This is both impractical (there are tons of sites not suitable for kids for any number of reasons, many in foreign jurisdictions) and more generally not desirable (else we would need an age check in front of the motte as well, as well as a small fraction of Wikipedia).

Generally, ten year olds do not buy their own devices, their parents buy them for them. Let them take care to lock the devices down (using whitelisting), if they feel the need to buy them at all.

By the time kids are old enough to circumvent the blockers, I would argue your best bet is to have raised them to have raised them to take enough care of their own mental well-being that they will not search for videos of beheadings or porn acts which would disturb them, nor join every weird cult whose website they stumble upon.
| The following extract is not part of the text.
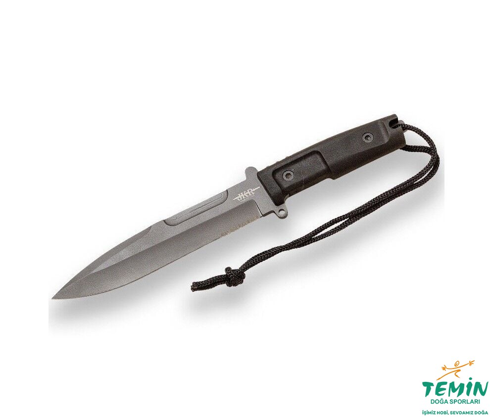 Kauçuk saplı hayatta kalma bıçağı. Titanyum namlu kaplamalı bıçak. Naylon kılıf ile birlikte verilir.

If kids share porn in the schoolyard, the way to get rid of it would be to ban devices with unrestricted internet access from school.

"Think of the children" has long been a rallying cry of people opposing the free internet. Once these laws are in place, the legislative will notice that there are other countries which do not feel the need to follow US laws. The next step is then to pass laws to force ISPs to block these evil foreign websites. Once that infrastructure is in place, one might as well use it to block copyright infringement. Or hate speech.

Over the years, we have had moral panics about kids being exposed to rock and roll, satanic dungeon and dragons role playing, violent video games, et cetera. (Neither is this new: Socrates was charged with corrupting youth back in his day.) Given how these things turned out, I am not overly worried about a teenager being corrupted by seeing a sex video after searching for it.